Ron Patterson

Personal information
- Full name: Ronald Patterson
- Date of birth: 30 October 1929
- Place of birth: Gateshead, England
- Date of death: 7 November 2018 (aged 89)
- Position: Full-back

Youth career
- Crystal Palace

Senior career*
- Years: Team / Apps / (Gls)
- 1949–1952: Middlesbrough / 1 / (0)
- 1952–1962: Northampton Town / 300 / (5)
- 1962–: Rothwell Town

Managerial career
- 1962–: Rothwell Town (player-manager)
- Hendon

= Ron Patterson =

English footballer (1929–2018)

Ron Patterson was an English professional footballer who played as an Full-back in the English Football League.

==Career==
Born in Gateshead, Patterson joined Crystal Palace as a youth team player in 1948 before returning to the North East with Middlesbrough after failing to settle in London. In three seasons, he mainly played for the reserves, only playing one league game against Charlton Athletic at The Valley in September 1951.

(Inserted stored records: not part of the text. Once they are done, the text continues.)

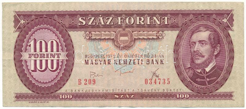 Leírás: 1975. 100Ft "B 209 034735" T:F erős papír
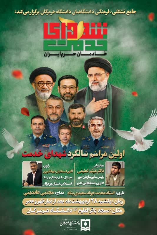 «یادمان مردان میدان»؛ نخستین مراسم گرامیداشت «شهید سید ابراهیم رئیسی و شهدای خدمت» در دانشگاه هرمزگان برگزار می‌شود
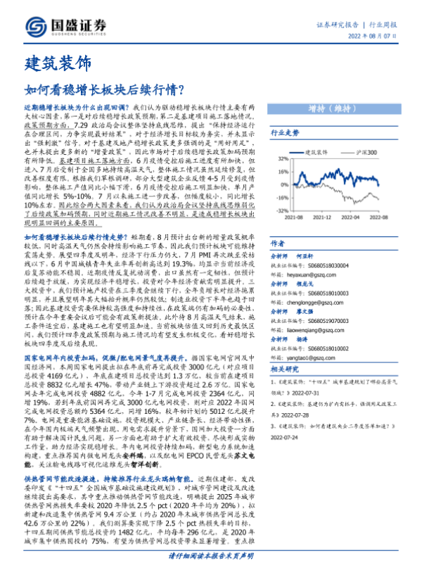 【国盛证券】【20220807】建筑装饰行业周报:如何看稳增长板块后续行情?-10页 行业研究
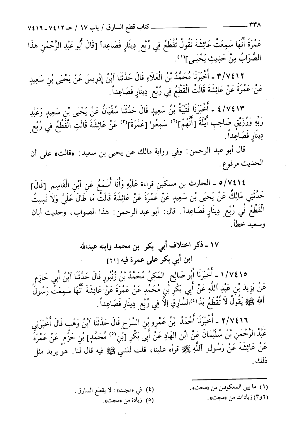 7413 - أخبرنا قتيبة بن سعيد قال حدثنا سفيان عن يحيى بن سعيد وعبد ربه ورزيق صاحب أيلة أنهم سمعوا عمرة عن عائشة قالت : القطع في ربع دينار فصاعدا قال أبو عبد الرحمن وفي رواية مالك عن يحيى بن سعيد قالت على أن الحديث مرفوع
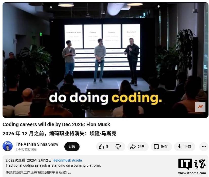 IT之家 2 月 15 日消息,2 月 12 日,特斯拉 CEO 埃隆 · 马斯克在 The Ashish Sinha Show 节目中谈到了自己对于 AI 编码的看法。
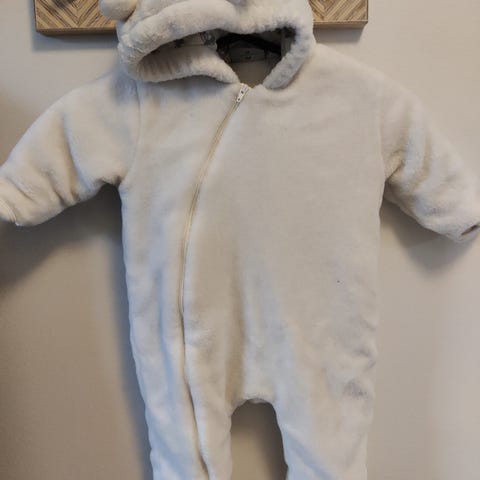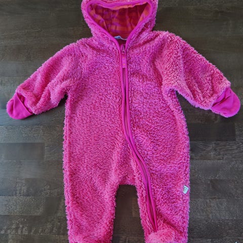 Uutena lahjaksi saatu erittäin lämmin pörröinen nallehaalari koossa 68. Ollut pelkästään vaunuissa päiväunilla yhdellä vauvalla käytössä.
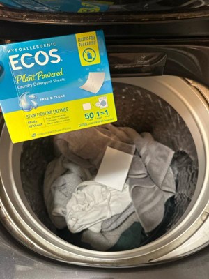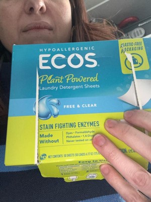 Formulated to provide you with amazing results and always dermatologist tested, ECOS dissolvable laundry sheets are plant powered, effective AND hypoallergenic, leaving your clothes looking cleaner and feeling softer than ever."
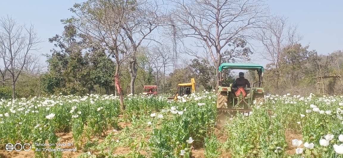 टीम एबीएन, चतरा। पुलिस कप्तान राकेश रंजन को मिली गुप्त सूचना के आधार पर पुलिस प्रशासन एव वन विभाग के सहयोग से राजपुर थाना क्षेत्र के बेंगोकला पंचायत के ग्रांम बनियाबांध, पंचफेरी, धवैया, बघमरी और पथेल इत्यादि गांव में रैयती, गैरमजुरुआ और वन भूमि पर विशेष अभियान चलाकर अब तक करीब 340 एकड़ में लगे पोस्ते की खेती को नष्ट किया जा चुका है। मगर अभी भी पोस्ते की खेती कई क्षेत्रों में लहलहा रही है। इन्हें नष्ट करने के लिए पुलिस का अभियान जारी है। लहलहाते अफीम की खेती को पुलिस ने ट्रेक्टर, लाठी डंडे से पीट पीटकर नष्ट किया है। इतने बड़े पैमाने पर अफीम की खेती को नष्ट करने का यह अबतक का पहला मामला है। अवैध गोरखधंधा में संलिप्त नशें के सौदागरों की पुलिस ने कमर तोड़ देने की कोशिश की है। इस दौरान पुलिस ने समुदायिक पुलिस के तहत गांव में जागरूकता फैलाते हुए लोगों के बीच वस्त्र भी वितरण किया। इधर पुलिस द्वारा अफीम की खेती के विरूद्ध जारी अभियान की स्थानीय लोगों ने जमकर सराहना की है।

Patterson was recommended to Football League Third Division team Northampton Town, by his father who was the clubs scout in the North East and signed in the summer of 1952. He soon became a first team regular at the County Ground and was captain of the side who knocked Arsenal out of the FA Cup in 1958.

Patterson later became a qualified FA Coach and assisted Jack Jennings with training sessions, and also coached at local schools in Northampton. After 317 games for the Cobblers he moved on to Rothwell Town as player-manager before taking over as manager at Hendon while working as a manager of an ICI subsidiary company.